- Problem details
Restate, word for word, each entry that follows, but skip its pictures.

-=-=-=-=-

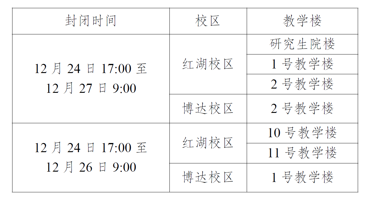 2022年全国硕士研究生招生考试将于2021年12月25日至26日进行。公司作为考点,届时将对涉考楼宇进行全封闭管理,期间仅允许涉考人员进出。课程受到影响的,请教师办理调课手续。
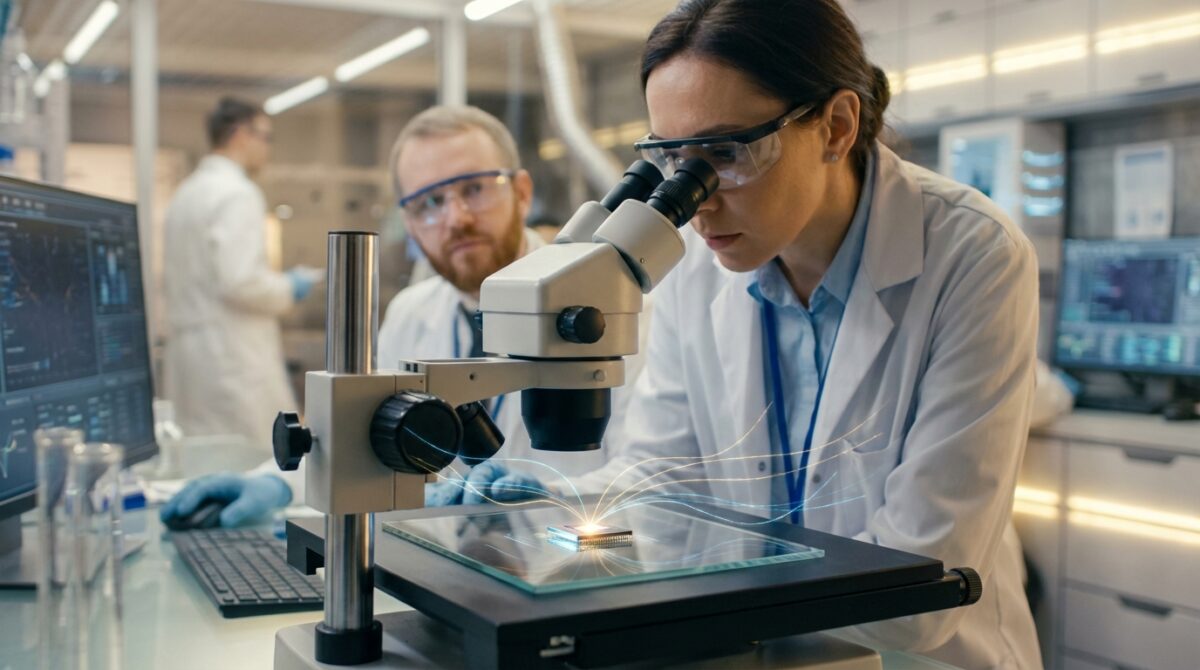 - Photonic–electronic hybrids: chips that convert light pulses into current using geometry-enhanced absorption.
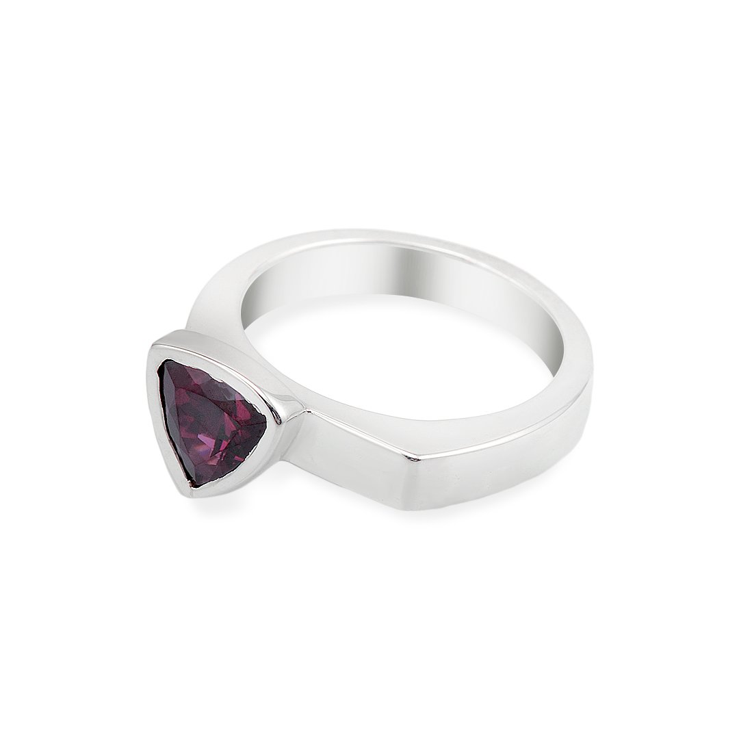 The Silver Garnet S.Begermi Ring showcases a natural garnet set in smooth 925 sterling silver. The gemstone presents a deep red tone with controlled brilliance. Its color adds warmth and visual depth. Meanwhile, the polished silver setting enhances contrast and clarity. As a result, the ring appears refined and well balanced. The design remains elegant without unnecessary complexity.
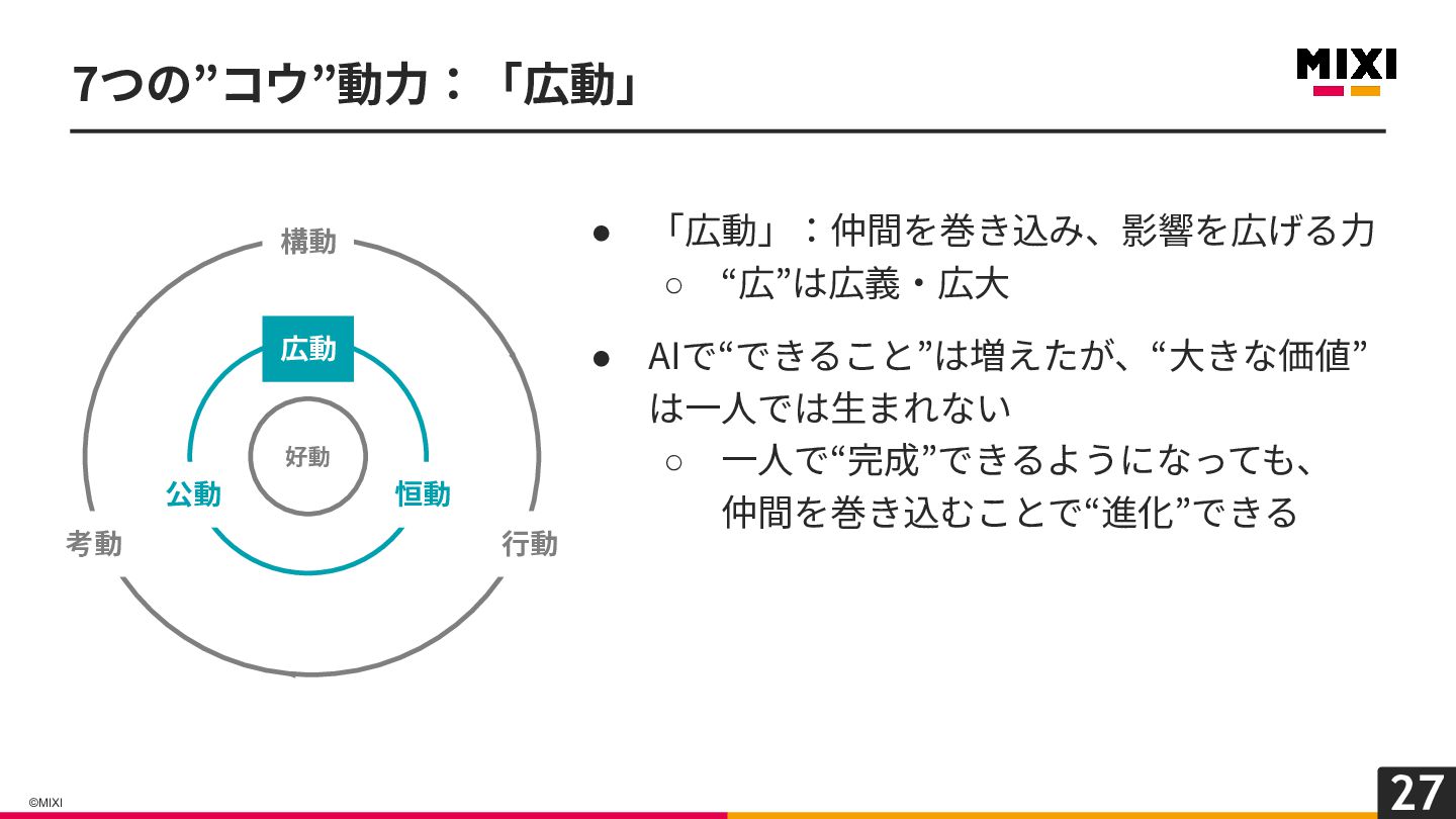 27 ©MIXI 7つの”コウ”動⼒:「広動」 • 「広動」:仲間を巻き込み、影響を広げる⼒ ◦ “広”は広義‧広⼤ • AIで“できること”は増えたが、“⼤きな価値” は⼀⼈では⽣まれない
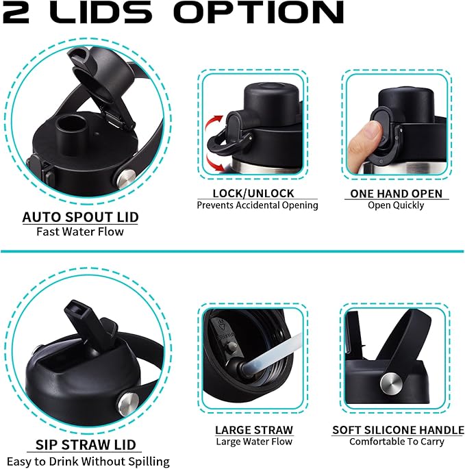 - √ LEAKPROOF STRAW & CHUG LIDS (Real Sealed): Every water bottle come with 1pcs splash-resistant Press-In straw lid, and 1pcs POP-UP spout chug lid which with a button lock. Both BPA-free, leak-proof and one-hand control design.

-=-=-=-=-

- Exercise result
 2022年全国硕士研究生招生考试将于2021年12月25日至26日进行。公司作为考点,届时将对涉考楼宇进行全封闭管理,期间仅允许涉考人员进出。课程受到影响的,请教师办理调课手续。
 - Photonic–electronic hybrids: chips that convert light pulses into current using geometry-enhanced absorption.
 The Silver Garnet S.Begermi Ring showcases a natural garnet set in smooth 925 sterling silver. The gemstone presents a deep red tone with controlled brilliance. Its color adds warmth and visual depth. Meanwhile, the polished silver setting enhances contrast and clarity. As a result, the ring appears refined and well balanced. The design remains elegant without unnecessary complexity.
 27 ©MIXI 7つの”コウ”動⼒:「広動」 • 「広動」:仲間を巻き込み、影響を広げる⼒ ◦ “広”は広義‧広⼤ • AIで“できること”は増えたが、“⼤きな価値” は⼀⼈では⽣まれない
 - √ LEAKPROOF STRAW & CHUG LIDS (Real Sealed): Every water bottle come with 1pcs splash-resistant Press-In straw lid, and 1pcs POP-UP spout chug lid which with a button lock. Both BPA-free, leak-proof and one-hand control design.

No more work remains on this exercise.